Happy Guy Fawkes Day!

(New Scientist) A new analysis by physicists shows that if the 1605 Gunpowder Plot to destroy the English parliament and kill the King had succeeded, it would have taken a large part of central London with it.

The area potentially affected by the blast covers a large area of contemporary London (Image: IOP/Guildhall Library)

The area potentially affected by the blast covers a large area of contemporary London (Image: IOP/Guildhall Library)

 

Experts from the Centre for Explosion Studies, at the University of Wales, Aberystwyth, used modern methods to estimate that severe structural damage would have been sustained by buildings up to half a kilometre away. The explosion would have destroyed Westminster Abbey and undermined buildings as far away as Whitehall, the site of Downing Street today.

The Gunpowder Plot was planned for 5 November, and its failure is still marked in Britain today with fireworks and bonfires. Catholic zealot Guy Fawkes and his conspirators wanted to kill the Protestant King and destroy the parliament that had persecuted Catholics for half a century.

They placed 36 barrels of gunpowder in a cellar under Westminster Hall, where parliament then sat, but were caught before the fuses could be lit. All were later hung, drawn and quartered.

Pressure pulse

To estimate the potential impact of the explosion, Geraint Thomas and his colleagues used techniques developed to assess the danger posed to surrounding areas by an accidental release of explosive materials from a chemical plant.

First, the amount of material is determined to calculate the energy of the explosion. In the Gunpowder Plot, an estimated 2500 kilograms of gunpowder had been amassed. As a working assumption, Thomas’s team supposed this would have the same power as an equivalent amount of the standard explosive TNT.

Next, they worked out how the blast wave from such an explosion would attenuate as it sped away from the detonation site at supersonic speeds. Comparing the pressure of the blast wave at different radii with damage data tables enabled them to predict the damage that would have been caused.

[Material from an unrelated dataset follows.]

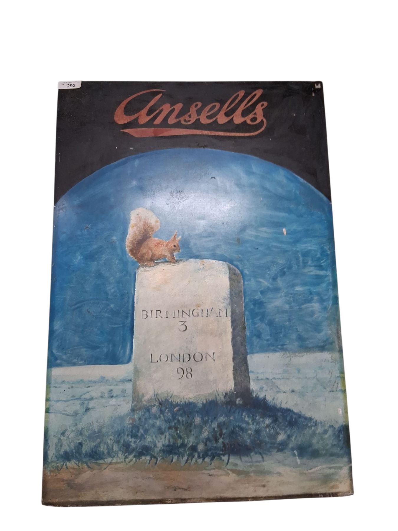 Vintage hand painted on metal pub sign Ansell's 44"x30"

The tables are largely drawn up from assessments of the damage caused to London buildings by bombing during World War Two, as well as by subsequent IRA bombs.

Blast zone

They found that within a radius of about 40 metres, everything would have been razed to the ground. Within 110 metres, buildings would have been at least partially destroyed. And some windows would have been blown out even as far as 900 metres away.

Thomas cautions that there are a number of factors that could affect the calculations. Gunpowder is generally less powerful than TNT, but Fawkes was an expert, having used explosives while serving in the Spanish army during their occupation of the Netherlands. Packing it properly into the barrels and arranging them carefully would increase the power of the blast.

Also, the standard data tables assume a blast occurs in the open air, not in a cellar. However, the buildings of 17th Century London would have been less robust than those of 1940s London. Overall, he told New Scientist, “it would have probably balanced out”.